Let \(y_i\) be the actual value, \(\hat{y}_i\) the predicted value and \(\bar{y} = \frac{1}{n} \sum_i y_i\) the mean of all actual values. Then, \(R^2 = 1 - \frac{\sum_i (y_i - \hat{y}_i)^2}{\sum_j (y_j - \bar{y})^2}\).

  1. Look at the formula and try to understand what the \(R^2\) measure intuitively measures. Hint: Consider the case were we only predict the mean \(\bar{y}\). Below you can find the \(R^2\) measure for the preceding example.

Hide code cell source
from sklearn.metrics import r2_score

r2 = r2_score(mae_vs_mse_dataset[:, 1], [mean_predictor]*10)
print(f"Mean Predictor R^2 = {r2:.4f}")
Mean Predictor R^2 = 0.0000

Classification#

Prediction outcomes#

For a binary classification problem, what are the four possible prediction outcomes? List their names and briefly explain what they represent.

Properties of precision and recall#

What unwanted strategies could a classifier predicting the class 0 or 1 employ to

  1. always get a precision of 1

  2. always get a recall of 1

Choosing between precision and recall#

In what settings is precision more important than recall and in which applications is recall more important than precision? Hint: As an example, think of a spam filter which has to differentiate between spam and important mails from your boss.

Combine precision and recall#

  • What is a measure that combines precision and recall?

  • Define it.

  • Why do we use the harmonic rather than the arithmetic mean?

Reference values#

Consider the following label set:

  • y: roughly the same amount of cases (1) and controls (0)

Now, calculate the accuracy, precision, recall, and ROC AUC.

  1. For a classifier that returns random labels.
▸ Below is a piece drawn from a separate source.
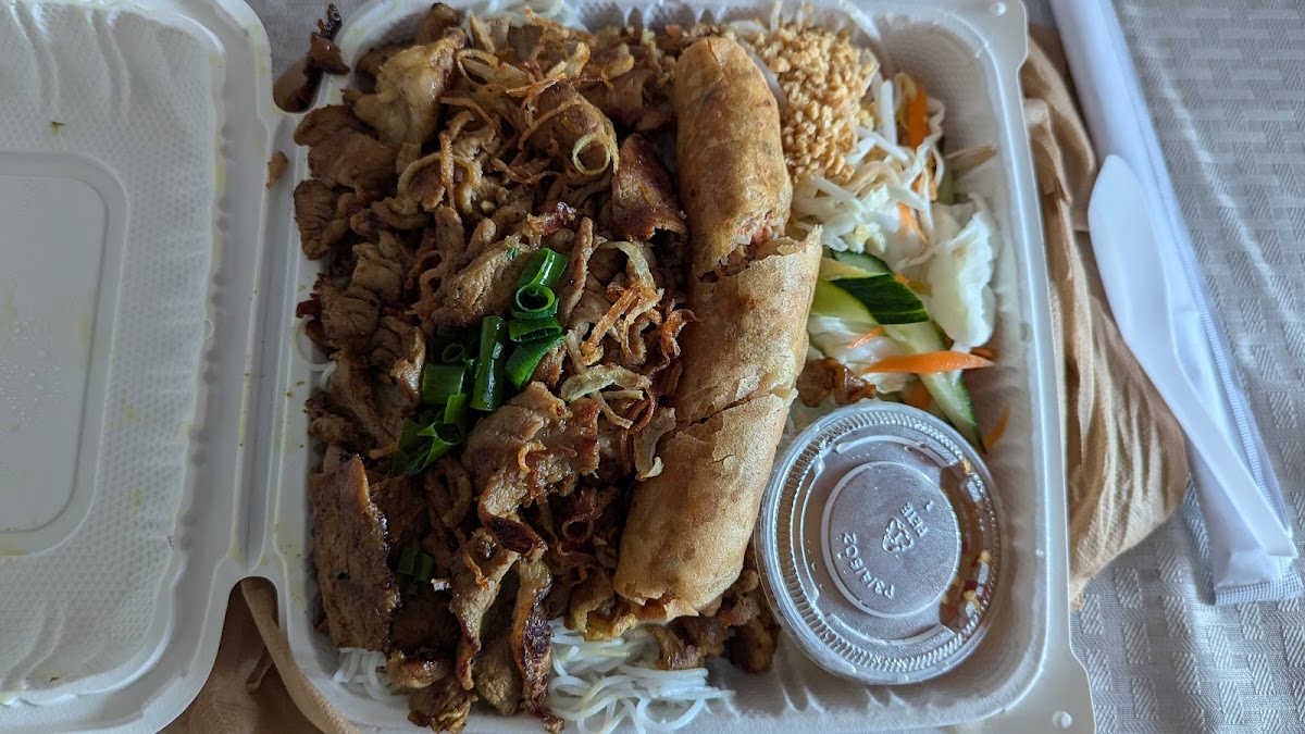 This is my second time coming back for the grilled beef rib rice dish. The lemongrass marinade is very fragrant, the flavor is well-balanced, the ribs are delicious, and the meat is tender. Add a bit of salad and enjoy it with hot rice — all the flavors blended together perfectly and filled my hungry stomach after a tiring workday. I’ll definitely come back to support this restaurant many more times. Oh, and don’t forget to try the spring rolls too — they’re guaranteed to be delicious!

What do you observe?

  2. For a classifier that always returns 1. What do you observe?

Hints:

  • Wikipedia has a nice diagram at the top of its “Precision and recall” page, which can help to think about such questions.
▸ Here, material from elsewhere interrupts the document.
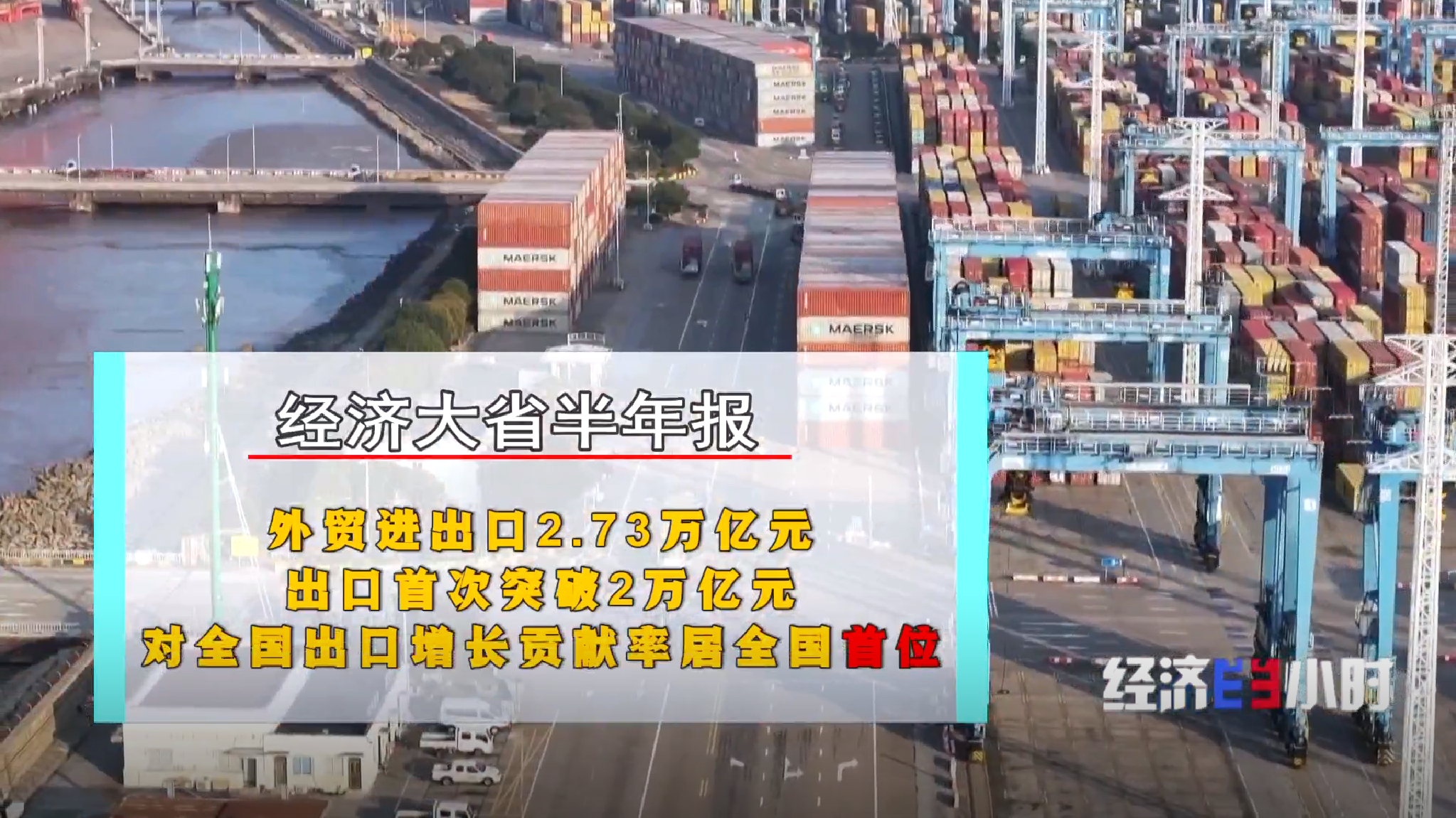 今年上半年,浙江省地区生产总值45004亿元,同比增长5.8%,比全国高出0.5个百分点,增速领跑全国。1月至6月,浙江省货物贸易进出口2.73万亿元,同比增长6.6%;其中,出口首次突破两万亿元,达到2.07万亿元,增长9.1%,规模占全国的15.9%,稳居全国第二;进口6592.7亿元。浙江对全国出口增长贡献率达19.8%,居全国首位。

  • You can simulate these classifiers without input data, i.e., by generating their predictions manually.

  • You can use numpy and scikit-learn to show these cases instead of answering theoretically.

import numpy as np
from sklearn.metrics import accuracy_score, precision_score, recall_score, roc_auc_score

np.random.seed(42)
n = 1000

# labels 1 (random)
y = np.random.choice([0,1], p=(0.5, 0.5), size=n)

# predictions of different classifiers
y_pred_random = np.random.choice([0,1], p=(0.5, 0.5), size=n)
y_pred_1 = np.repeat(1, y.size)

Imbalanced data#

Consider the following label set:

  • y_imbalanced: only a small set of cases (1) compared to controls (0)
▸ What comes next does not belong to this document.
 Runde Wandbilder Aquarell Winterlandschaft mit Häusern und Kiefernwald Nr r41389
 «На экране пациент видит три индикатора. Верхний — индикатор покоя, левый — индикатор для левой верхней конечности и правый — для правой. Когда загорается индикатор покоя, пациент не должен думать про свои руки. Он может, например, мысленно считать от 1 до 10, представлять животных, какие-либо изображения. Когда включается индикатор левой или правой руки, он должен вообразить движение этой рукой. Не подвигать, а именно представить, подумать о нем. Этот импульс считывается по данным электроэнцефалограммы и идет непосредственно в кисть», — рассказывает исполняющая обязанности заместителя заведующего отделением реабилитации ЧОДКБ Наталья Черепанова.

Now, calculate the accuracy, precision, recall, and ROC AUC.

  1. For a classifier that returns random labels. What do you observe?

  2. For a classifier that always predicts the majority class (0). What do you observe and why could this be an issue in practice (particularly if we only consider accuracy)?

Hints:

  • You can simulate these classifiers without input data, i.e., by generating their predictions manually.

  • You can use numpy and scikit-learn to show these cases instead of answering theoretically.

import numpy as np
from sklearn.metrics import accuracy_score, precision_score, recall_score, roc_auc_score

np.random.seed(42)
n = 1000

# labels 2 (imbalanced, i.e., small sets of `cases` (label=1))
y_imbalance = np.random.choice([0,1], p=(0.9, 0.1), size=n)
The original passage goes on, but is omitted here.